Locate the line containing "Календарик 1983" in the entries below, then retype it and every later line exactly, leaving out pictures.

▶ **DATA FOR THIS TASK**:
□ □ □

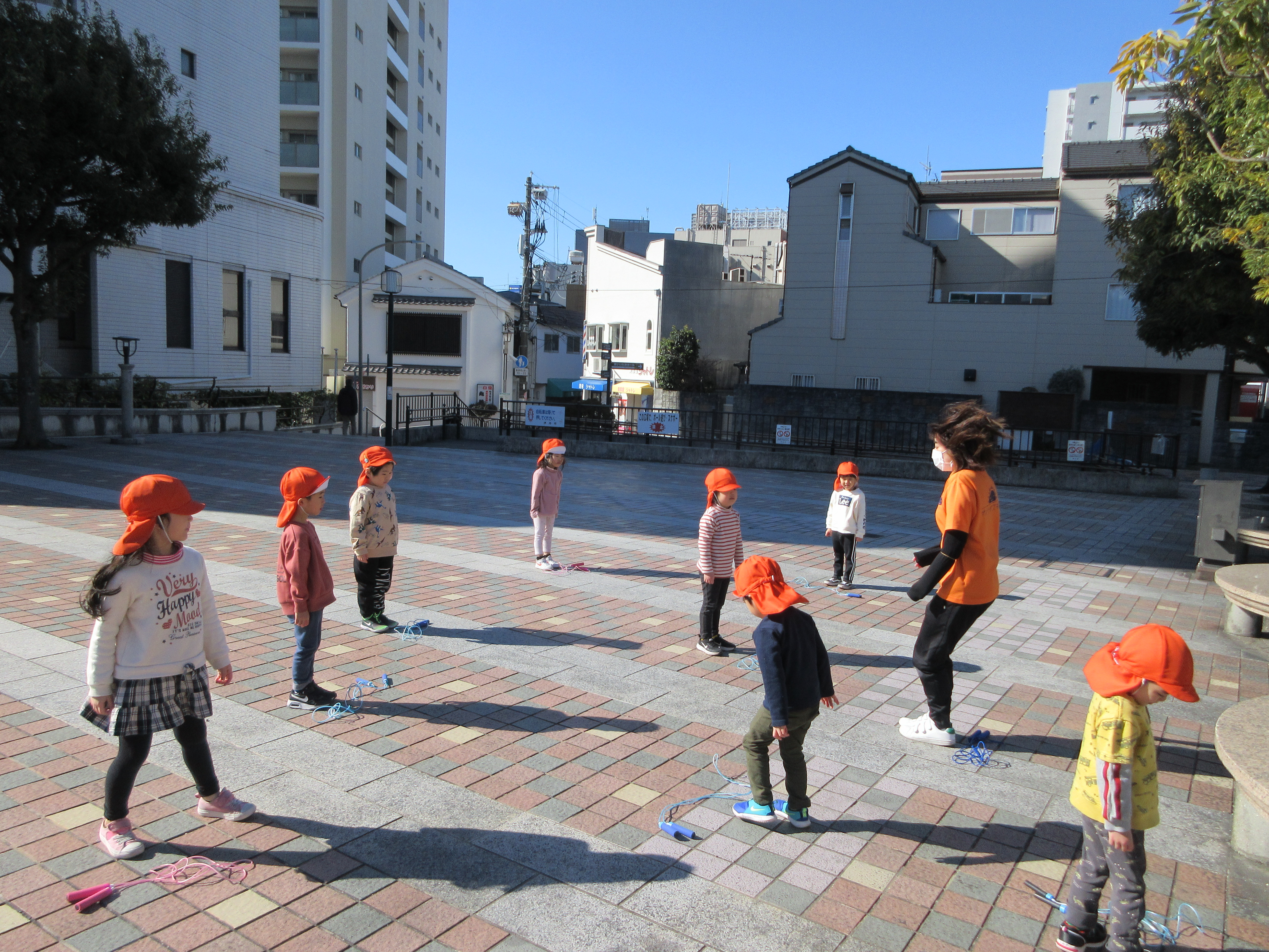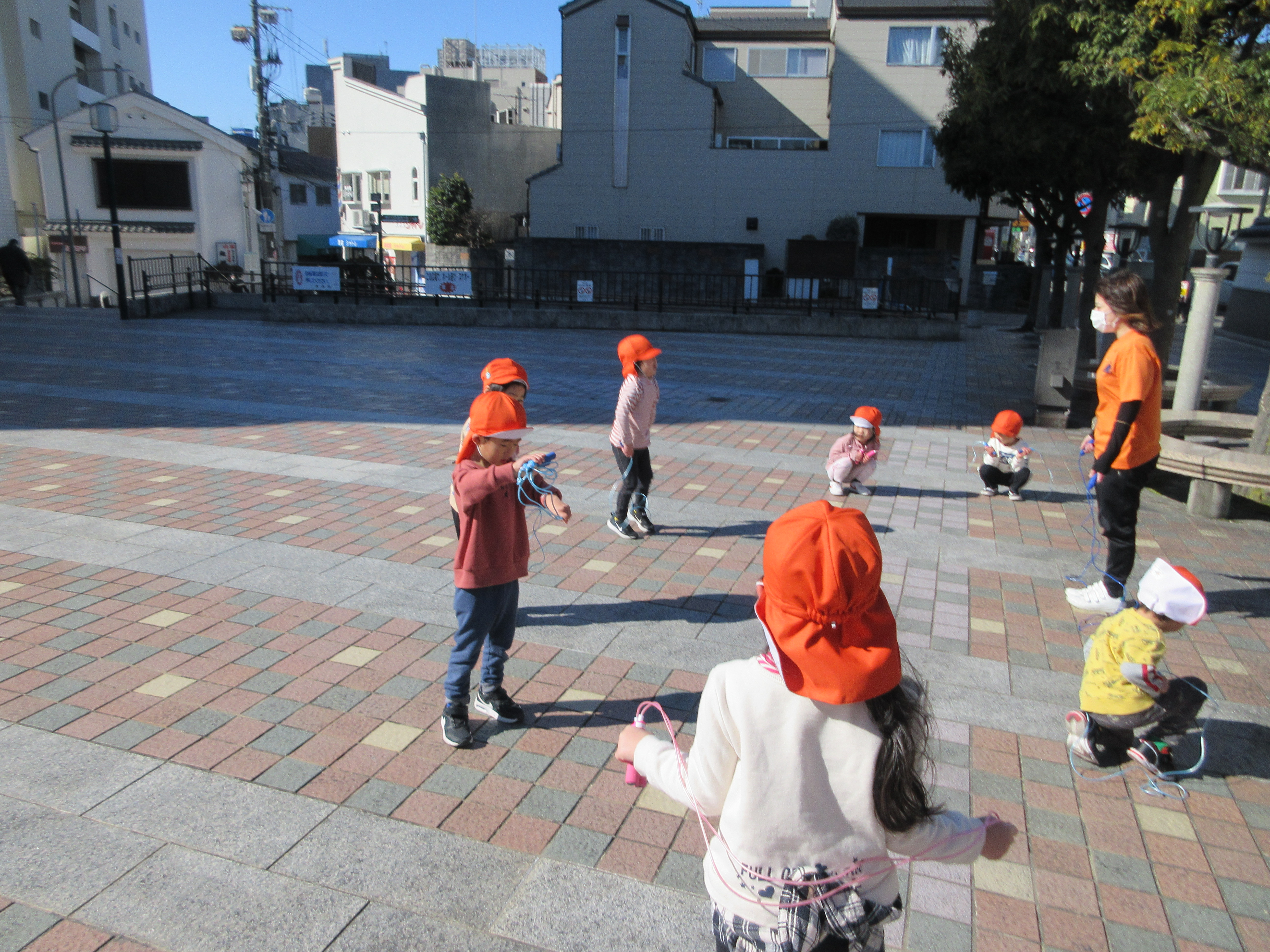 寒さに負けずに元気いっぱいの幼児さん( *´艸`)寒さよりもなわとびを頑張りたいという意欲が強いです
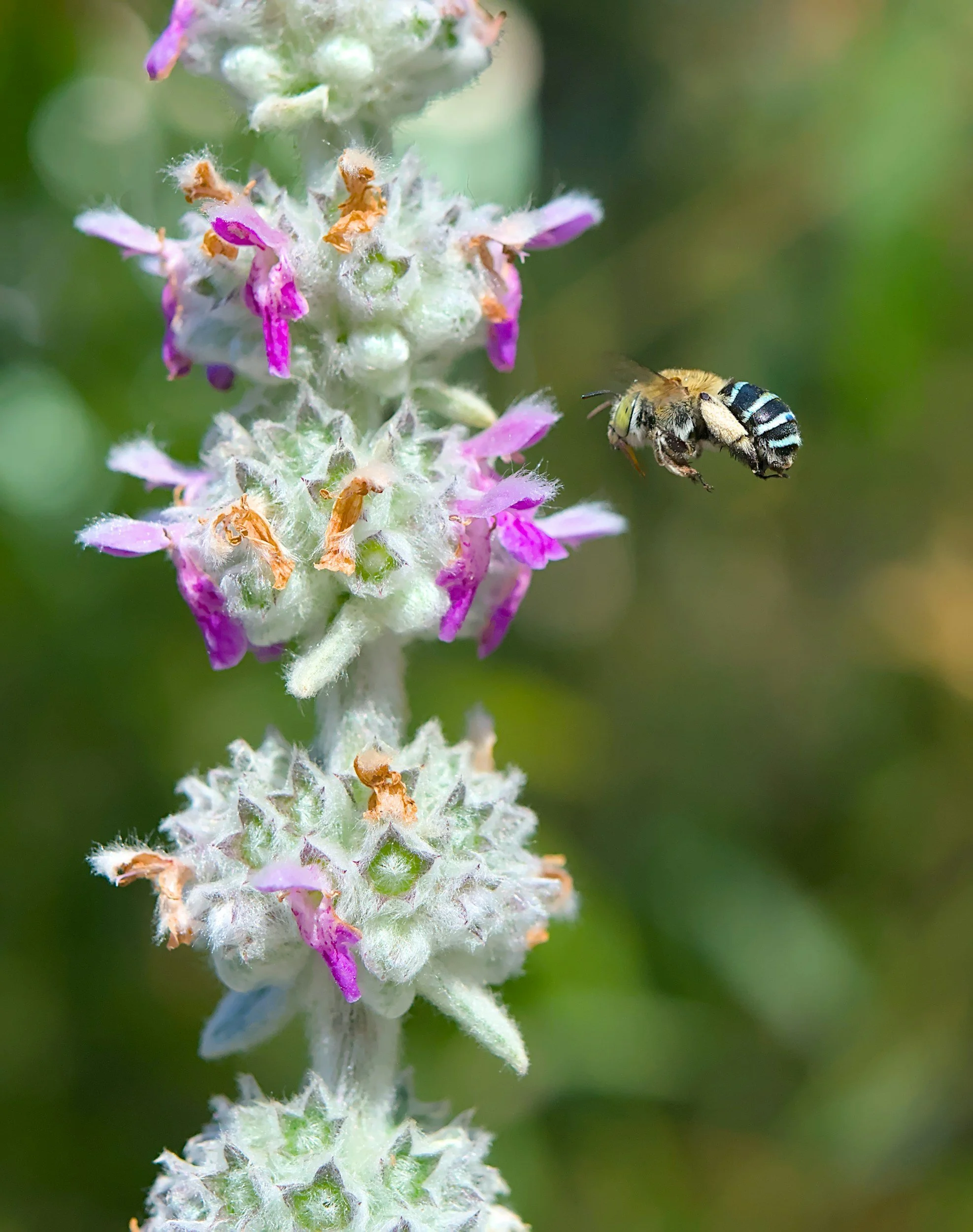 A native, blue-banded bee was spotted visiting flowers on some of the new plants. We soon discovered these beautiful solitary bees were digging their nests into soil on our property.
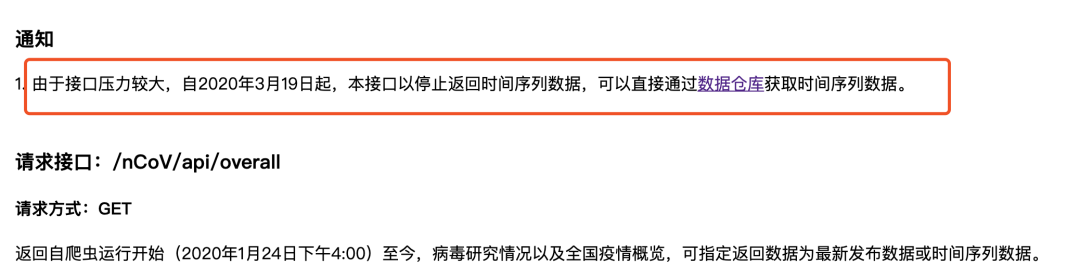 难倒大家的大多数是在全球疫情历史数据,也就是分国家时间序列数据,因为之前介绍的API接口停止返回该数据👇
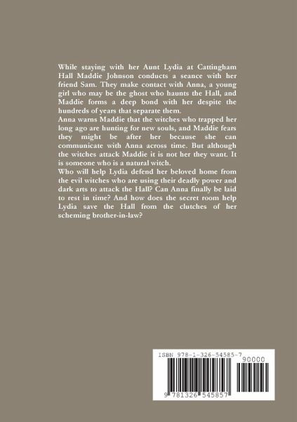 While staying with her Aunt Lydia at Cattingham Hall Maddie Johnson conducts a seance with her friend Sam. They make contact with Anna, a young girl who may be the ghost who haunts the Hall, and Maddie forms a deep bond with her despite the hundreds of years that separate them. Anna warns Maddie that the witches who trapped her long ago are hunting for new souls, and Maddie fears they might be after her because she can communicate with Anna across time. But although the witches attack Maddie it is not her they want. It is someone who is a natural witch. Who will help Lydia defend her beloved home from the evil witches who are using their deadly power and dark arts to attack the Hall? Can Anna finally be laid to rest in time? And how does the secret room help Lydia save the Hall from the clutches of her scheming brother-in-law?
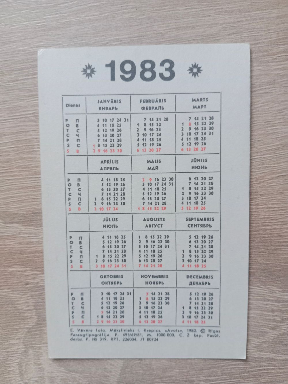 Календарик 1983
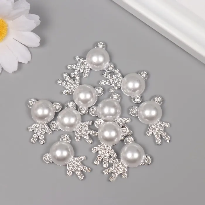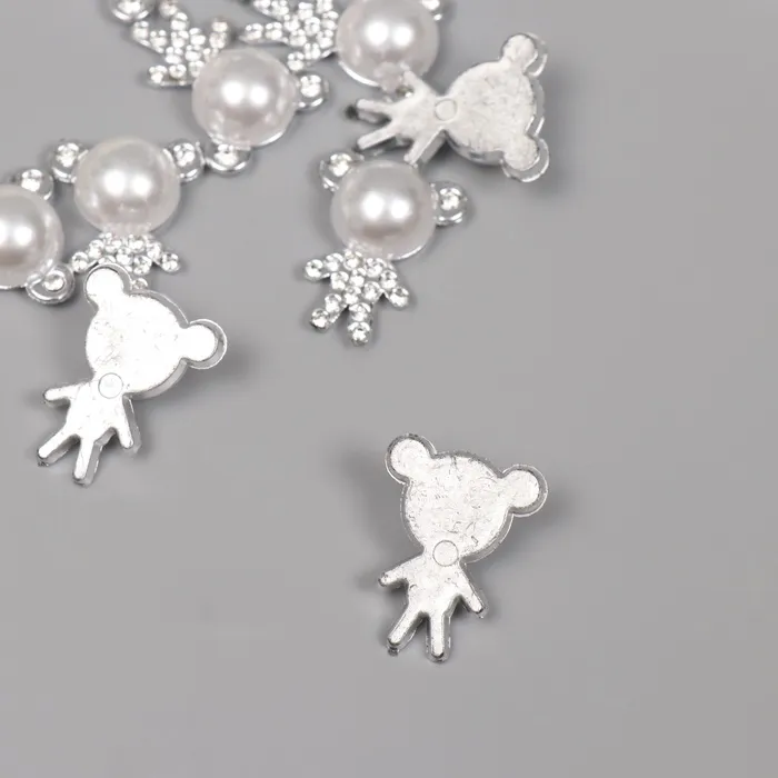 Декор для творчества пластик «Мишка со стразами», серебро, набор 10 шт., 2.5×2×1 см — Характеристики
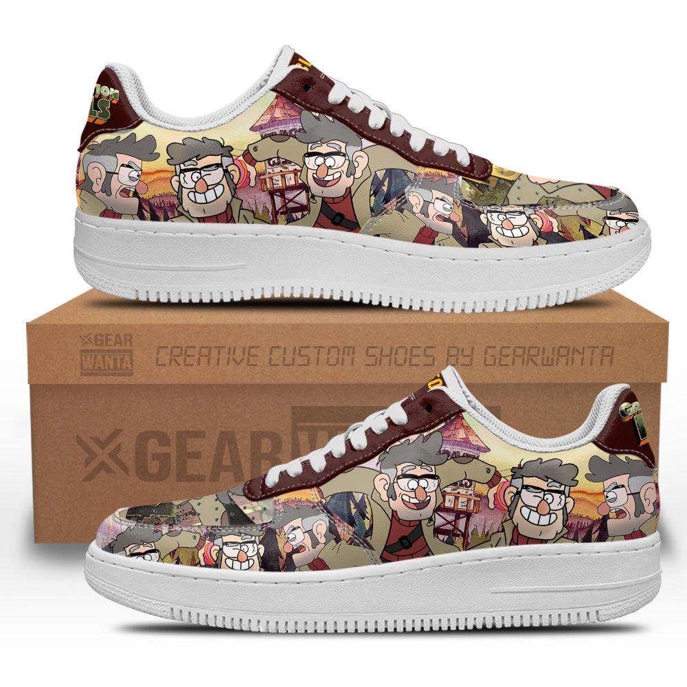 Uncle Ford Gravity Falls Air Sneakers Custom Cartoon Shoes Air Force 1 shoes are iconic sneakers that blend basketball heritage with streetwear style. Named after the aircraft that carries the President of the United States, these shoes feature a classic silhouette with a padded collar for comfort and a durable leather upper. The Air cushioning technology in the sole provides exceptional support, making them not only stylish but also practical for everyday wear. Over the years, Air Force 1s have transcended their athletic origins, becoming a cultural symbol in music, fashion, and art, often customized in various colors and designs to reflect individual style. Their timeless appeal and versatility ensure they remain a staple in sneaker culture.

□ □ □

▶ **OUTPUT OF THE EXERCISE**:
 Календарик 1983
 Декор для творчества пластик «Мишка со стразами», серебро, набор 10 шт., 2.5×2×1 см — Характеристики
 Uncle Ford Gravity Falls Air Sneakers Custom Cartoon Shoes Air Force 1 shoes are iconic sneakers that blend basketball heritage with streetwear style. Named after the aircraft that carries the President of the United States, these shoes feature a classic silhouette with a padded collar for comfort and a durable leather upper. The Air cushioning technology in the sole provides exceptional support, making them not only stylish but also practical for everyday wear. Over the years, Air Force 1s have transcended their athletic origins, becoming a cultural symbol in music, fashion, and art, often customized in various colors and designs to reflect individual style. Their timeless appeal and versatility ensure they remain a staple in sneaker culture.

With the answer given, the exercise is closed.